INHUMAN—PART 8: EAR GATES, MIND GATES, NIGHTMARES, INCEPTION

Infographic: The Digital Life of American Teens | Statista
With the advent of cell phones, iPods, iPads, and other “personal devices,” the ear-gates (that Sue Bradley discussed in the last entry) of an entire generation have been dangerously compromised. In addition to the obvious physical risks that associate cell phone use and texting while driving, effects have been measured on teenage language abilities and a markedly increased incidence of tinnitus, a chronic “ringing-in-the-ears.”
A recent ChildWise study found that one in four children under the age of eight had a mobile phone, a figure which increased to 89 percent by the time the child reaches eleven years.
“Teenagers: A Generation Unplugged” is a 2008 study which determined that four out of five teens carry a wireless device and found that their cell phones rank second, only to clothing, in communicating personal social status and popularity, “outranking jewelry, watches and shoes.” Additionally, over half (52 percent) view cell phones as a form of entertainment and 80 percent feel that a cell phone provides a sense of security while 36 percent dislike the idea of others knowing their exact location.

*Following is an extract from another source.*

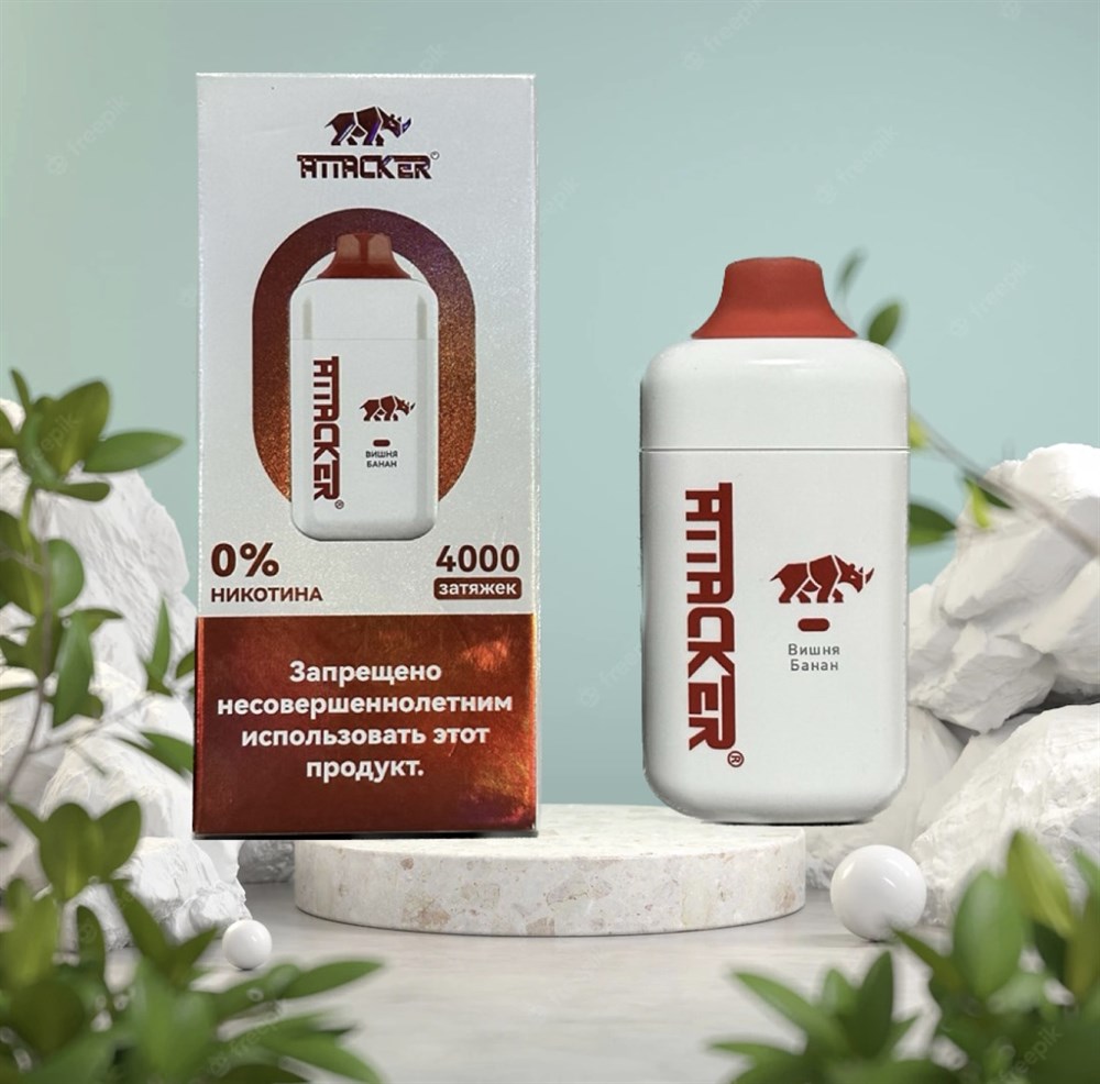 Купить одноразовые безникотиновые электронные сигареты Attacker W4 на 4000 затяжек с подзарядкой Type-C с доставкой или самовывозом из вейп шопов в Москве и доставкой по России.

While a Who [World Health Organization] study determined that a cell phone-cancer link is inconclusive, the UN [United Nations] did acknowledge that the 2010 examination of thirteen thousand participants found up to 40 percent higher incidence of glioma, a cancerous brain tumor, among the 10 percent that used the mobile phone most. While there is near-unanimous agreement within the scientific community that it is simply too early to accurately project damage caused by radiation, even the most modest estimates acknowledge minimal consequences, the estimated 4.6 billion cell phone users “appear prepared to take the risk” without “firm assurances” that they are safe.[i]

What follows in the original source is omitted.